A "0" offset value would be a bug, I agree, but I don't see
how that can happen.


>> The question is what happens when there are no more offset
>> values available. xa_alloc_cyclic should fail, and file
>> creation is supposed to fail at that point. If it doesn't,
>> that's a bug that is outside of the use of xarray or Maple.
> 
> Can you show me the code that xa_alloc_cyclic should fail? At least
> according to the commets, it will return 1 if the allocation succeeded
> after wrapping.
> 
> * Context: Any context.  Takes and releases the xa_lock.  May sleep if
> * the @gfp flags permit.
> * Return: 0 if the allocation succeeded without wrapping.  1 if the
> * allocation succeeded after wrapping, -ENOMEM if memory could not be
> * allocated or -EBUSY if there are no free entries in @limit.
> */
> static inline int xa_alloc_cyclic(struct xarray *xa, u32 *id, void *entry,
> struct xa_limit limit, u32 *next, gfp_t gfp)

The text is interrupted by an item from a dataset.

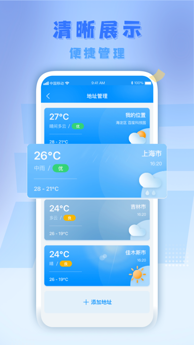 极致便捷的操作体验:采用符合人体工程学的上下滑动交互设计,让用户能够快速浏览天气趋势、风速变化和生活指数等关键信息。视觉享受的界面设计:精选百万张高清城市景观和自然风光作为背景,根据实时天气自动切换主题风格,打造沉浸式天气浏览体验。革命性的天气雷达功能:提供分钟级降水预报,精准预测未来2小时内是否下雨及降水量大小,彻底解决出门带伞的困扰。智能化的提醒服务:基于用户位置和行程安排,主动推送天气变化提醒,包括温度骤变、空气质量恶化等重要信息。

I recall (dimly) that directory entry offset value re-use
is acceptable and preferred, so I think ignoring a "1"
return value from xa_alloc_cyclic() is OK. If there are
no unused offset values available, it will return -EBUSY,
and file creation will fail.

Perhaps Christian or Al can chime in here on whether
directory entry offset value re-use is indeed expected
to be acceptable.

Further, my understanding is that:

https://lore.kernel.org/stable/20241024132225.2271667-12-yukuai1@huaweicloud.com/

fixes a rename issue that results in an infinite loop,
and that's the (only) issue that underlies CVE-2024-46701.

You are suggesting that there are other overflow problems
with the xarray-based simple_offset implementation. If I
can confirm them, then I can get these fixed in v6.6. But
so far, I'm not sure I completely understand these other
failure modes.

Are you suggesting that the above fix /introduces/ the
0 offset problem?

--
Chuck Lever